Each line from the one with "BRIO togbane trelekesett" through the last line below must be written out exactly. Do not copy pictures.

Dataset content below:

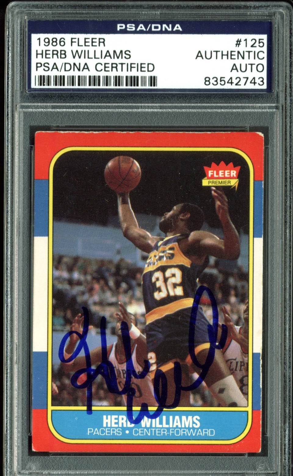 Pacers Herb Williams Authentic Signed 1986 Fleer #125 Card PSA/DNA Slabbed 1
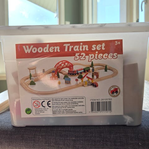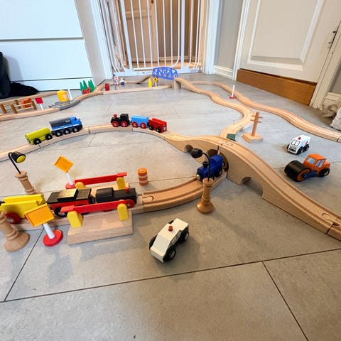 BRIO togbane trelekesett med skinner, kjøretøy og tilbehør. Settet inneholder rette og buede treskinner, runddel og ulike spesialdeler for å bygge flere typer baner. Det følger med flere tog og biler, samt bygninger og elementer som blant annet stasjon og flyplassdeler. Passer til lek på gulv og kan kombineres med andre BRIO-togbaner og treleker i samme system.
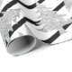 Beautiful Christmas design. Faux silver glitter Christmas tree pattern, white and black stripe.
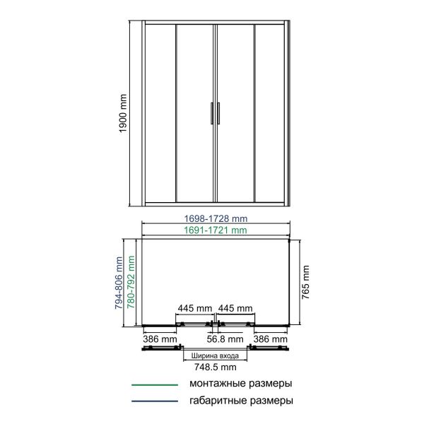 Душевой уголок Wasserkraft Lippe 45S 45S53 170х80 см хром купить
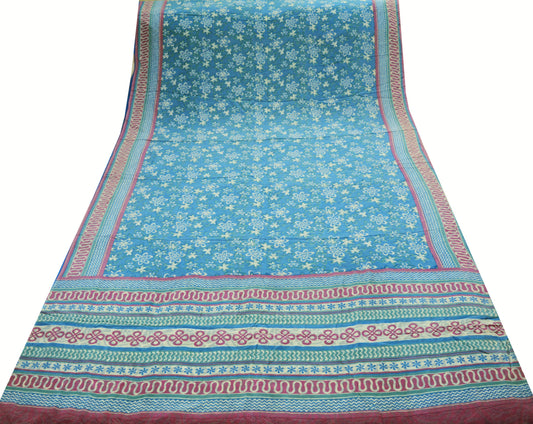 Indian Vintage Sari Blue & Green Pure Crepe Silk Printed Saree 5yard Sewing Floral Soft Craft Fabric Wrap
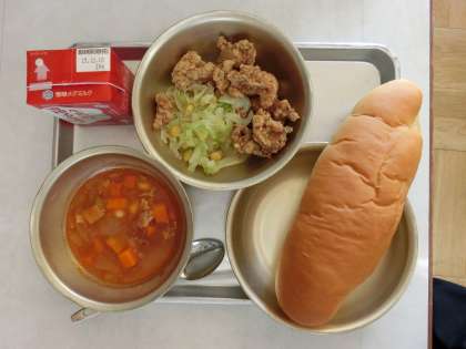 一つ目はメニューで,ミルクコッペパンとミネストローネ,スパイシーチキンとソティーと子どもたちにも大人気のメニューでした。
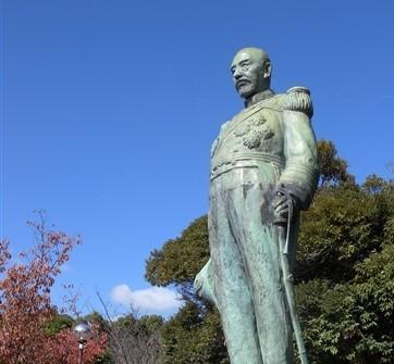 鹿児島港に入る艦隊から真正面に見える多賀山(たがやま)山頂には、日本海軍の連合艦隊司令長官となり、1905(明治38)年の日本海海戦で、丁字(ていじ)戦を使って、当時世界で一番強いと言われたロシアのバルチック艦隊を打ち破った東郷平八郎元帥の遺髪を葬った墓地と銅像(雨宮浩平作)があります。
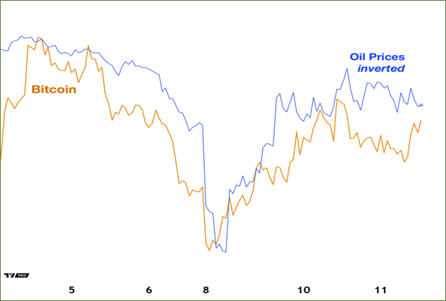 In other words, oil up = Bitcoin down.

End of Dataset content.

Result -
 BRIO togbane trelekesett med skinner, kjøretøy og tilbehør. Settet inneholder rette og buede treskinner, runddel og ulike spesialdeler for å bygge flere typer baner. Det følger med flere tog og biler, samt bygninger og elementer som blant annet stasjon og flyplassdeler. Passer til lek på gulv og kan kombineres med andre BRIO-togbaner og treleker i samme system.
 Beautiful Christmas design. Faux silver glitter Christmas tree pattern, white and black stripe.
 Душевой уголок Wasserkraft Lippe 45S 45S53 170х80 см хром купить
 Indian Vintage Sari Blue & Green Pure Crepe Silk Printed Saree 5yard Sewing Floral Soft Craft Fabric Wrap
 一つ目はメニューで,ミルクコッペパンとミネストローネ,スパイシーチキンとソティーと子どもたちにも大人気のメニューでした。
 鹿児島港に入る艦隊から真正面に見える多賀山(たがやま)山頂には、日本海軍の連合艦隊司令長官となり、1905(明治38)年の日本海海戦で、丁字(ていじ)戦を使って、当時世界で一番強いと言われたロシアのバルチック艦隊を打ち破った東郷平八郎元帥の遺髪を葬った墓地と銅像(雨宮浩平作)があります。
 In other words, oil up = Bitcoin down.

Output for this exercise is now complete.